The statement $$\exists x[\forall y Lxy \leftrightarrow \exists z \neg Lxz]$$ says that there is some object $x$ for which $$\forall y Lxy \leftrightarrow \exists z \neg Lxz$$ is true. So, if we call that object $a$, we get that
$$\forall y Lay \leftrightarrow \exists z \neg Laz$$
and by the quantifier negation law that means:
$$\forall y Lay \leftrightarrow \neg \forall z Laz$$
and now you see the contradiction: the left side says that $a$ stands in relation $L$ to every object, and yet the right side denies exactly that
(and yes, the fact that $y$ is used on the left side, and $z$ on the right side makes no difference: just as $\forall x P(x)$ and $\forall y P(y)$ say exactly the same thing .. variables are just 'dummy placeholders')

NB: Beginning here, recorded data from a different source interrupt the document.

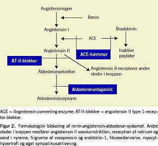 Den øgede aldosteronsekretion medfører natriumresorption og kaliumudskillelse, sympatikuspotentiering, myocythypertrofi og fibrosedannelse samt øger antallet af endotelinreceptorer og øger cytokinproduktionen [1, 2]. Vasopressin er vasokontraherende og har en udtalt antidiuretisk effekt. Angiotensin converting enzyme (ACE) medfører endvidere nedbrydning af det vasodilaterende stof bradykinin [2].
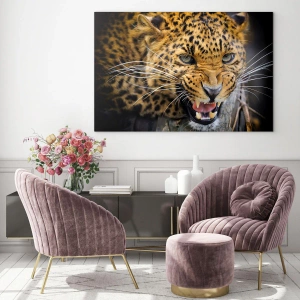 Glasbild - Bild auf glas - Nahaufnahme eines aggressiven Leoparden mit klaren Details - 50x70cm - Bleib zurück, ich warne dich! - Moderne Wanddekoration für Wohnzimmer und Schlafzimmer ARTTOR
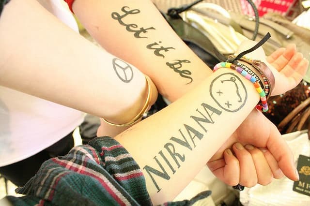 Ya sea por su música o por su trágico final Nirvana ha cosechado millones de fans en todo el mundo. Muchos de los tatuajes que podemos encontrar en esta galería hacen referencia a tapas de disco, retratos de Kurt Cobain, frases de canciones o simplemente logotipos de la banda.
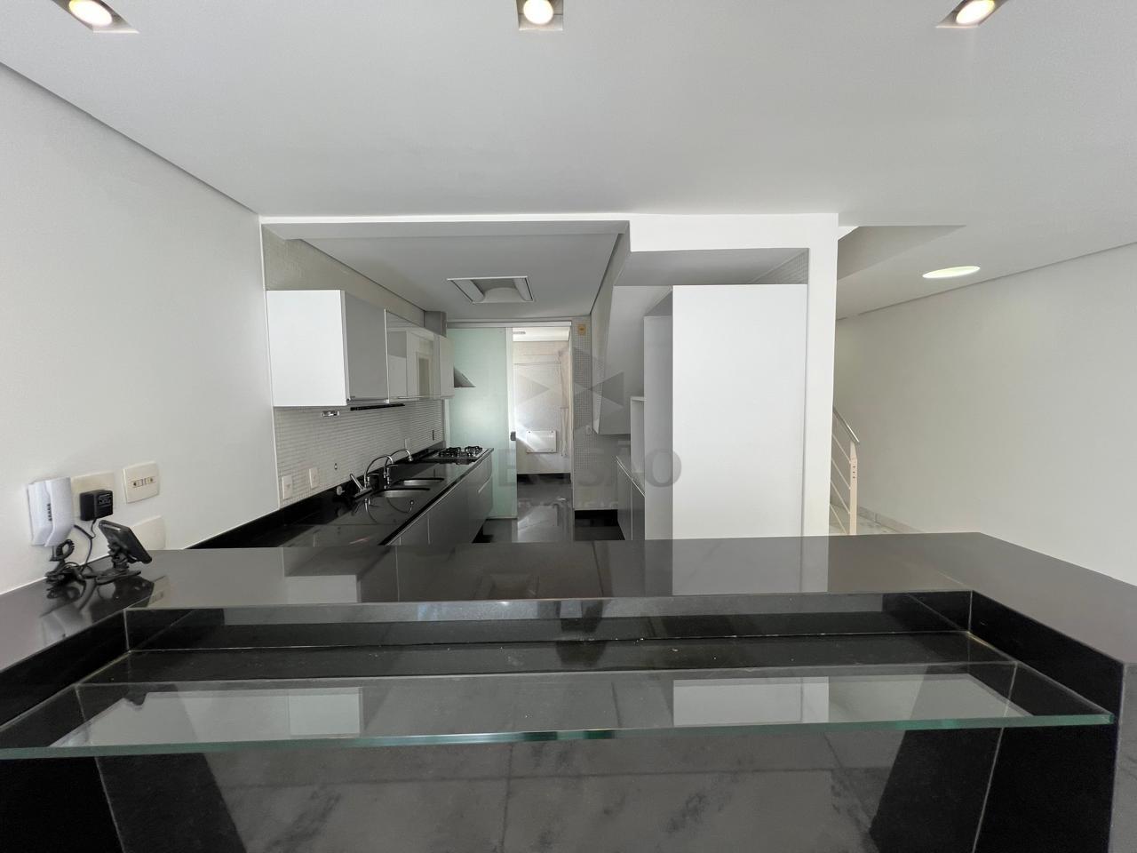 Apto Duplex: 1º Piso: Sala ampla, clara, lavabo, cozinha com armários, área de serviços com banho.
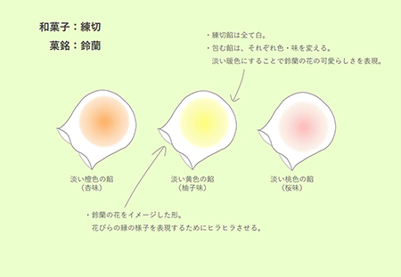 鈴蘭の花の形をした練切で、餡は杏・柚子・桜の3種です。既存の練切では、表面に鈴蘭の全体像を描いたものが多いため、一つひとつの花の可愛らしい形を感じられるようにしました。パッケージに詰めると鈴蘭の全体像が浮かび上がります。
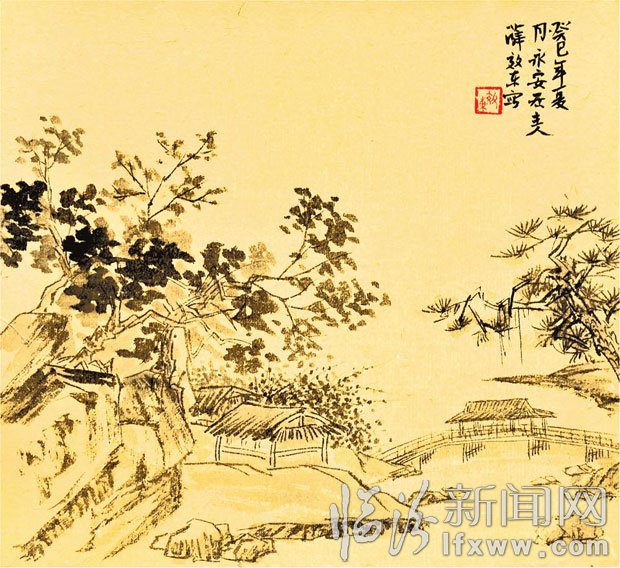 冬日的古城公園,寒意彌漫,草木寂寥。公園一隅,《簡意》——薛效東國畫作品展靜悄悄開展了。沒有鮮花,沒有盛大的開幕式,卻于蕭索中涂抹出一道溫暖的亮色。走進展廳,四壁懸掛著先生近年創作的百余幅水墨山水畫,但見山巒奇崛,水聲渺遠,古木掩映下,茅舍儼然,清風撲面,氤氳出素樸淡雅的古典氣韻。前來觀展的各界人士或駐足、或品賞,無人喧嘩,安安靜靜,用心體味先生用簡約、簡潔的筆墨,勾勒出的悠遠意境和豐富內蘊,品啜著他遵循傳統的藝術思想與平靜安然的內心世界。
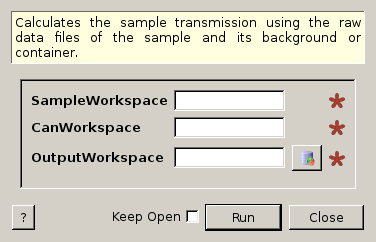 Calculates the sample transmission using the raw data files of the sample and its background or container by dividing the monitor spectrum of the sample workspace by that of the container.
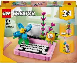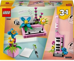 Le set Creator 3-en-1 – Machine à écrire avec fleurs permet aux enfants dès 8 ans de construire et de reconstruire trois modèles différents avec les mêmes briques.

Now, not knowing how exactly (formal proof? truth tree? formal semantics? A more informal argument of the kind I just showed?) you are being asked to show that the statement is a contradiction, I can't help you any further, but hopefully you'll be able to take this line of reasoning and transform it into the kind of proof you are supposed to create.